At the Vinton Park Pond, right by the Somerset Town Pool, a lone bullfrog (apparently) calls for a mate while American toads provide a more continuous background din. As part of FrogWatch USA, a national citizen science program of the Association of Zoos and Aquariums to monitor the frog and toad populations across the United States, I have been spending three minutes one night a week for the past several months listening at the pond for the calls of various species of frogs and toads, and some additional minutes recording my findings on the web at the Fieldscope site, http://frogwatch.fieldscope.org.

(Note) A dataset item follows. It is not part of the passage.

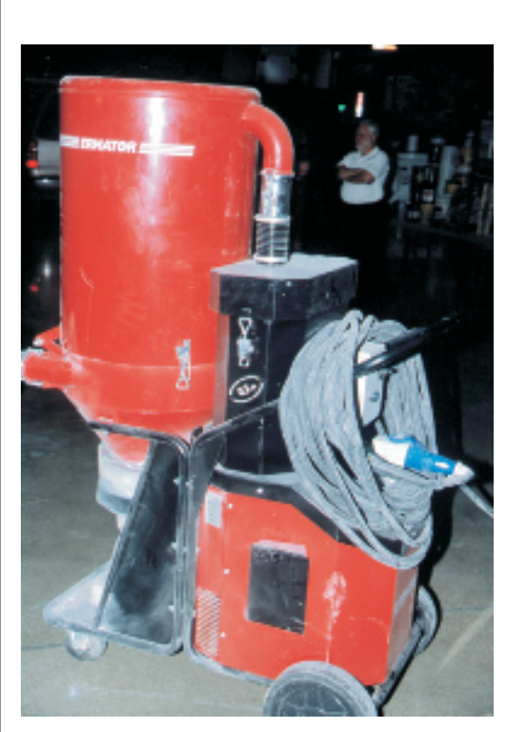
"Up to 98% of the potential airborne grid particles are captured in a vacuum filter during installation of a mechanically installed Polished Concrete Floor System. This allows warehouse workers and valuable stock or cargo items to remain on site during installation."

Section 6: LEED-NC 2.2 (New Construction and Major Renovations, version 2.2) (Continued)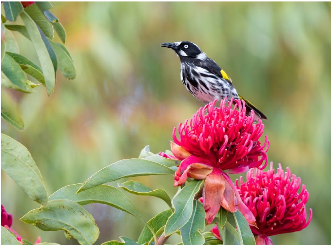
New Holland Honeyeater

I have been part of the Montgomery County chapter of the program, conducted under the aegis of the Montgomery County Department of Environmental Protection. After a one-hour classroom session in January and an additional hour of training in the field in early March, supplemented with further online listening sessions at my home to learn the calls of the different species of frogs and toads native to this area, I began my weekly three-minute evening vigils as soon as temperatures were above freezing.

The first weeks were discouraging.  There were no sounds at all coming from our pond—even when, in early March, I had just heard a multitude of spring peepers a half-hour earlier at a pond in Rockville where the March training session was conducted. After three very quiet weekly evening sessions at the pond, I was beginning to think that our town was devoid of frogs, and that my frog monitoring was going to be a very uneventful and unproductive effort.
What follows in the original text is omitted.